Just saying Hi!


#1

I have very recently been diagnosed with PD

Having recovered from the initial shock and now having experienced the initial lift from my meds (even if its psychological !) i am determined to stay positive and continue with my happy and fulfilling life

It's  good to have a place to share experiences and as you read this I hope that you are also doing ok and coping well. 

 

 

 


#2

 

 

 

 

 

 

 

 

 

 

 

 

 

 

 

 

 

 

 

 

 

 

 

 

 

 

 

 

 

 

 

 

 

 

 

 

 

 

 

 

 

 

 

 

Welcome.

You are not alone.  I think that most people seem to have the same reaction as you - shock.  And the best thing to do is exactly what you are doing STAY POSITIVE.  I think that the main reasons for this is that most people dont want to hear about the dreaded Mr P for a variety of reasons and because I am a great believer in your mind and body work hand in glove.  Think hard enough negative thoughts and they will happen and you may not be able to undo any harm you have done to others.  Does that sound and sit ok with you.

Be pleased to hear of your experiences  -  good and bad

 

 

 

 

 

 

 

 


#3

Welcome to the forum, Davveyworcs --

Astoriasis is absolutely right!  Think positive thoughts and try to keep your spirits up.  Optimism results in the production of helpful brain secretions, they say.  Another factor we can take responsibility for is exercise.  It is crucial to fighting PD successfully.  Before my diagnosis I wasn't exactly a couch potato, but my exercise was neither very rigorous nor regular.  I have changed that picture, I assure you.

You and your doctor and PD nurse will probably work together to determine a course of treatment.  Personally, I am glad I started medications early.  Over the years I have increased dosages and added new meds.  The good news is that after 18 years with PD, I am still in the first stage and living the same life I always did. 

Wishing you the best of luck,

J


#4

Hi Davveyworcs

Welcome.  OH is badly affected by PD so I`m his full time carer.  I find the forum is very helpful and the social section is very good at cheering up. 

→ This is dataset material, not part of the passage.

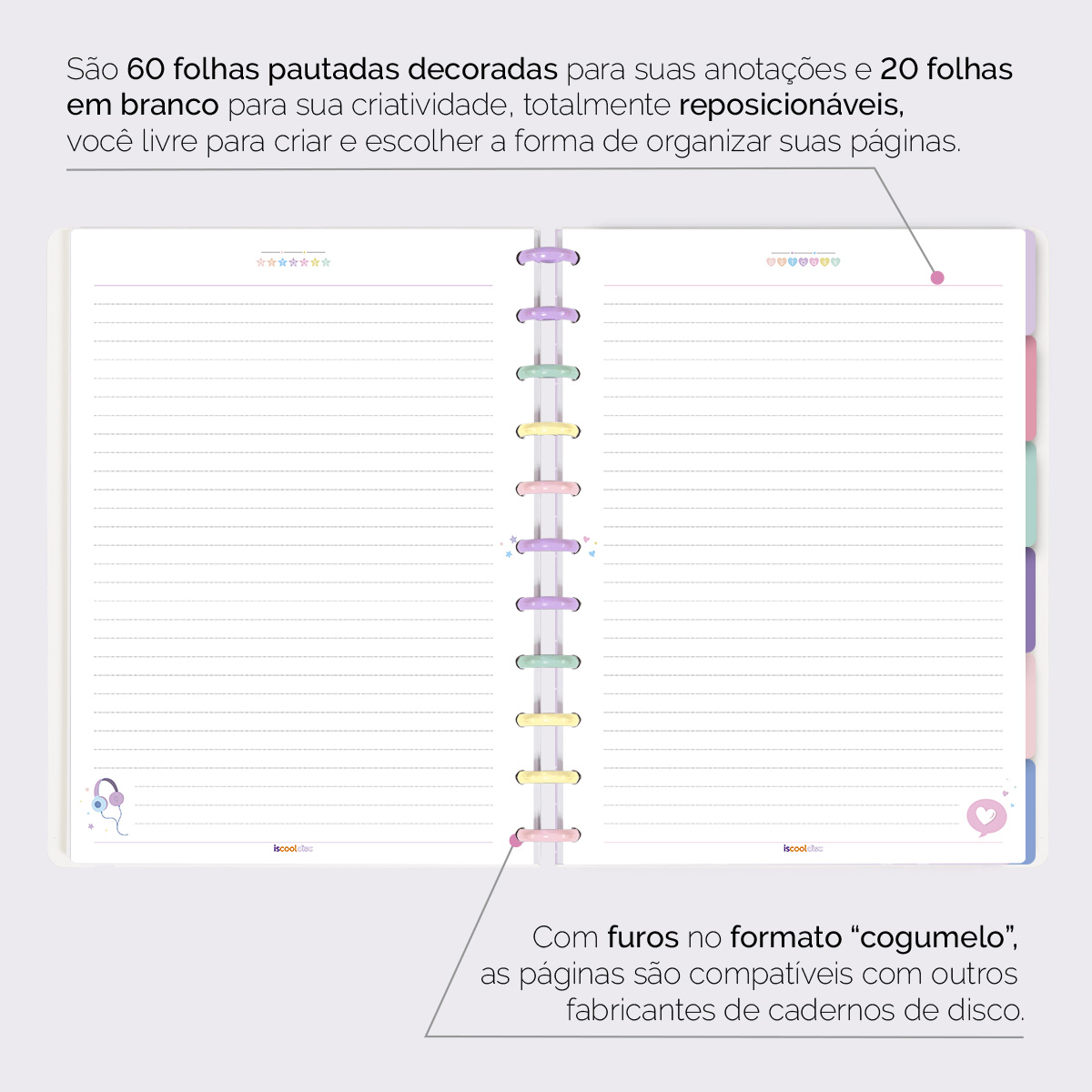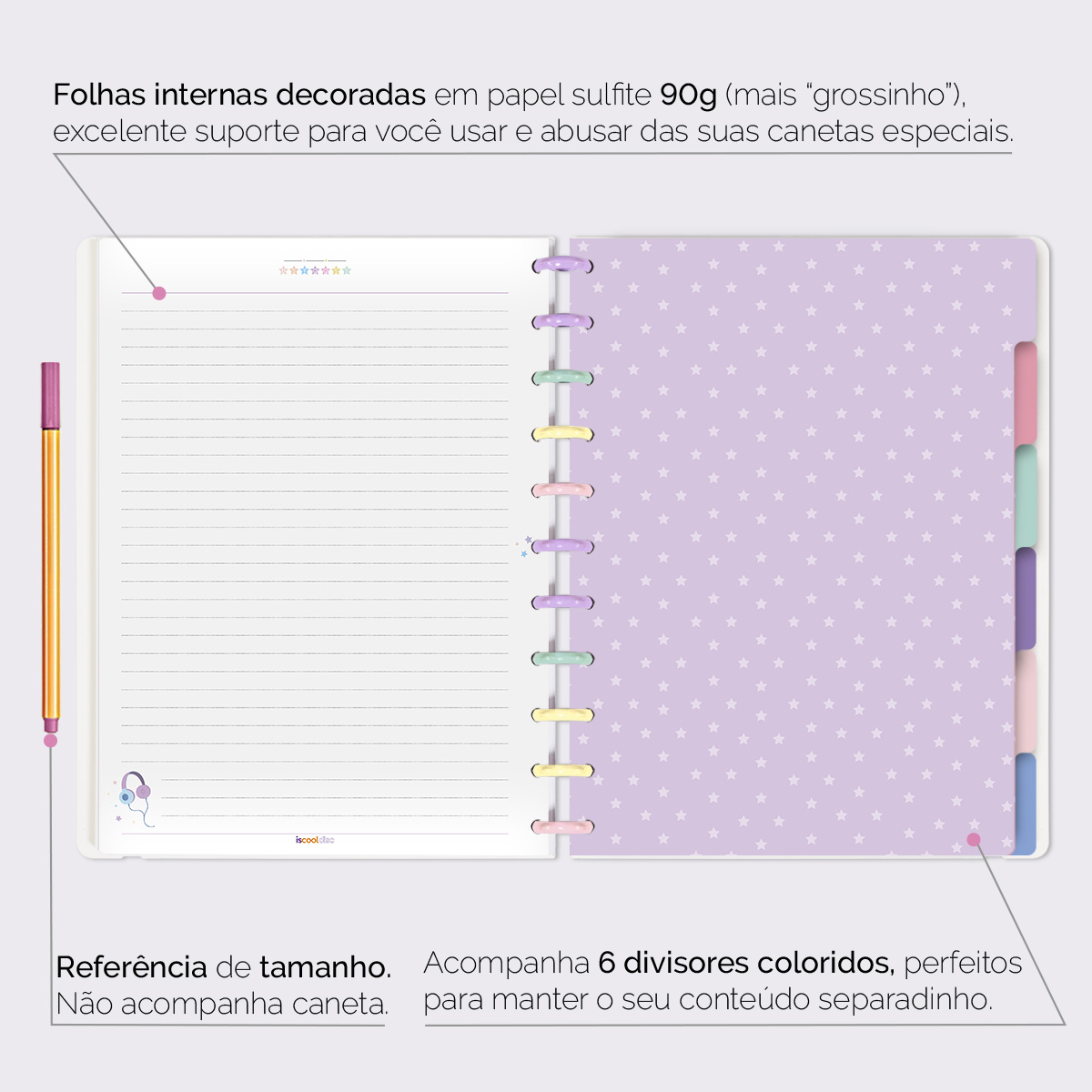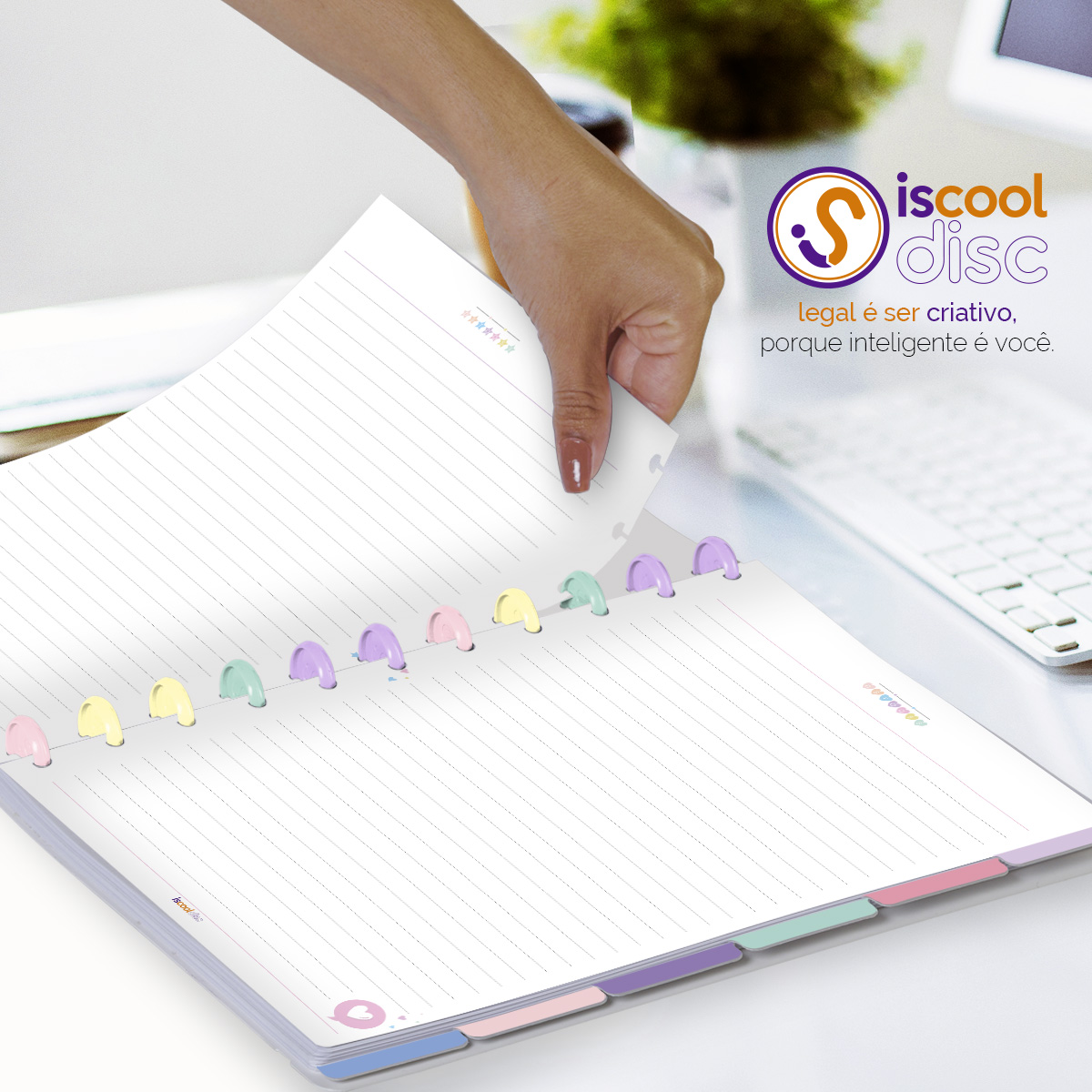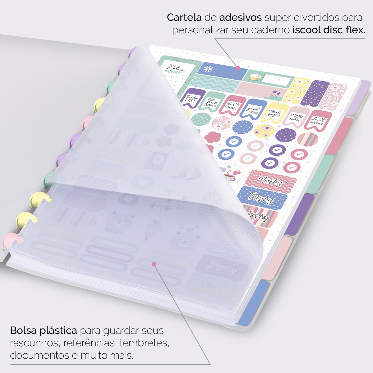 Além de tudo isso, o ISCOOL DISC FLEX, conta com detalhezinhos que fazem toda diferença: elástico removível para fechamento da capa, muito mais estilo e privacidade para suas anotações; bolsa plástica para guardar seus rascunhos, referências, lembretes, documentos e uma cartela de adesivos incríveis, para que você possa personalizar seu caderno do seu jeitinho!

Like J of Grey Cottage we added exercise and found it very helpful.  Rather late we discovered that the PD nurse can put you in touch with a therapist if you have problems with swallowing or problems with talking eg getting quieter or not able to finish a sentence.  Her exercises made a huge difference.  Hope you won`t have the problem but good to know help is there for the asking.

  Best wishes

Hatknitter


#5

Just wondering about the variation of services from area to area.  Shortly after diagnosis I was invited to attend a session where I met up with other people with PD, local area rep, local pd club member, physiotherapist, occupational therapist, and pd nurse. . They all give a little talk on their role, how to access their service and waiting if any list.

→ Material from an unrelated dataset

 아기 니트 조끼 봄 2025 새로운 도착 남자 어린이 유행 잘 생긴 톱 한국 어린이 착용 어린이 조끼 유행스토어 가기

We were then invited to a six week course given by the physiotherapist, who were excellent.

I still meet up with a couple of ladies from the course for lunch.  We are very different in personalities and so is the pd.  We have found that this support really helps one another.

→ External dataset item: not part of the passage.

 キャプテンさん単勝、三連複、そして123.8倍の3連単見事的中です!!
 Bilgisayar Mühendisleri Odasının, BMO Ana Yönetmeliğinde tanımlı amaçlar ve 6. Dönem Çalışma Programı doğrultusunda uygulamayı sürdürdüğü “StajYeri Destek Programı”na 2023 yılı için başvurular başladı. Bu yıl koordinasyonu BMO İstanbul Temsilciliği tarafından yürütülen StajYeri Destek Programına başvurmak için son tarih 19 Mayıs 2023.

Be interested to hear if you have anything similar

We are not entirely alone, even though Spock has gone to the Happy Vulcan Ground - Ha ha

Best wishes

Astoriasis

 


#6

Hi Astoriasis . I think the support you had post diagnosis was fantastic . Unfortunately I didn't have that . I was referred to a pd nurse who I saw in sep when I was diagnosed and my next appt is April . I thought I may have had a follow up phone call from her post diagnosis if not an appt in person but no  . I asked for physio referral and my physio was very helpful and I have had hydrotherapy . I am paying to use pool now but it's not expensive . 

My pd nurse actually gave me my results as they had been sent to wrong gp ! I didn't feel she explained it very well and when I asked if she'd got any literature on it she said no ring puk . I was surprised . I expected more. I think because I have nursing background and its not how I did things . I worked in palliative care for ten years and we had a lot of training into the breaking of bad news . 

This forum has been my best support .


#7
Hiya In the 9 years since I have been diagnosed, I haven't seen anyone at all, except my consultant, I haven't had very much support either, my ex was useless and only ever thought about himself, he didn't like the fact my meds gave me back my independence. I have yet to go to a support group, I've just sort of 'got on with it ' by myself.

#8

Hi Blondie35,

I am like you I only see the specialist for 5 minutes every 6  months. I have never seen a Parkinson's nurse, maybe they don't have any in Liverpool, I don't know.  It seems like the support available is dependant on where you live.  I hope you get support from your family and friends. 


#9

Juju,

I'm lucky if I get to see my consultant under a year, he is always so fully booked, my last app was in November and that was for about half hour but I had a lot to discuss, my next app was meant to be 6 months after that but when app came through the door it was made for end of July, far too long, so i had to ring up and managed to bring it forward to the end of May, so frustrating. A Parkinson's nurse has never been offered to me, but I shall definitely be asking when I next see him.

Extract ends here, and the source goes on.